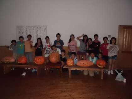 ちょうど地域の方にいただいた巨大カボチャの中にろうそくを灯し,少し早い「ハロウィン」ができました。
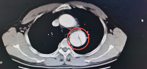 邓先生到湖南省人民医院马王堆院区呼吸内科门诊就诊时,接诊的医生通过仔细询问病情,发现问题,遂安排其进行了胸部CT检查,发现主动脉夹层,病情凶险,立即转入介入血管外科三病区救治。
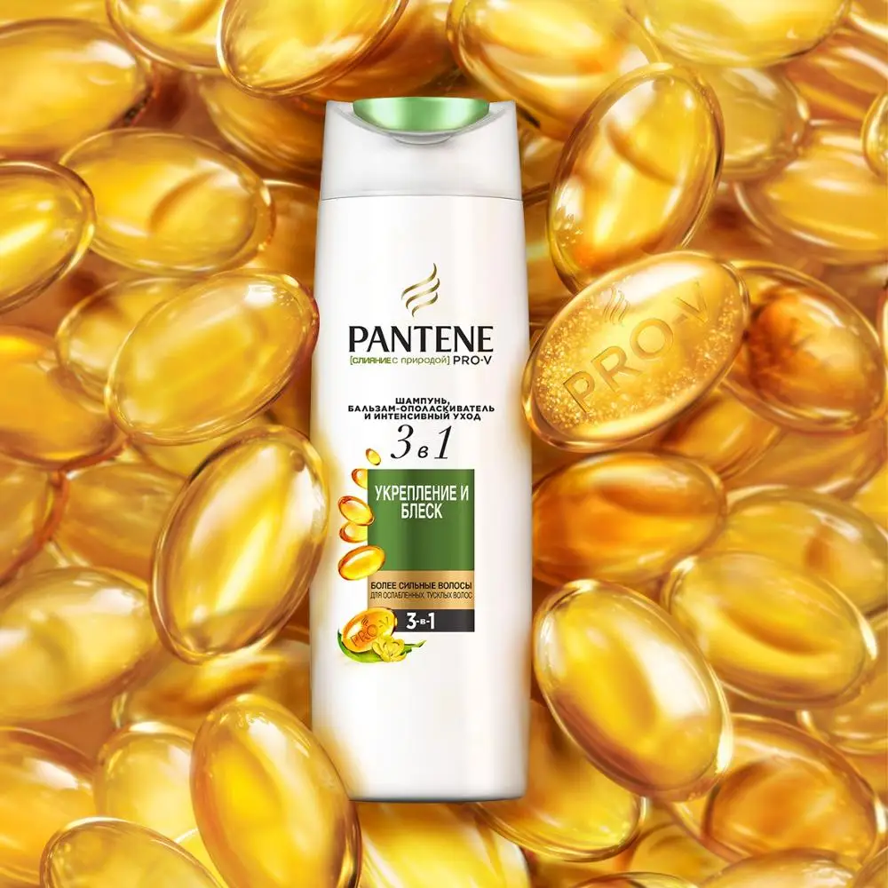 Шампунь + бальзам-ополаскиватель + интенсивный уход Pantene Pro-V «Укрепление и блеск» 3в1 очищает и заряжает волосы питательными веществами Pro-V, придавая здоровый вид и блеск. Формула с веществами Pro-V и натуральным гуаром, традиционно выращиваемым в Азии, придает волосам здоровый вид и блеск. С комплексом гуара.

** Instructions to follow **
Please return, exactly and with pictures omitted, the lines from the line holding "邓先生到湖南省人民医院马王堆" through the end of the data above, inclusive.

** Task response **
 邓先生到湖南省人民医院马王堆院区呼吸内科门诊就诊时,接诊的医生通过仔细询问病情,发现问题,遂安排其进行了胸部CT检查,发现主动脉夹层,病情凶险,立即转入介入血管外科三病区救治。
 Шампунь + бальзам-ополаскиватель + интенсивный уход Pantene Pro-V «Укрепление и блеск» 3в1 очищает и заряжает волосы питательными веществами Pro-V, придавая здоровый вид и блеск. Формула с веществами Pro-V и натуральным гуаром, традиционно выращиваемым в Азии, придает волосам здоровый вид и блеск. С комплексом гуара.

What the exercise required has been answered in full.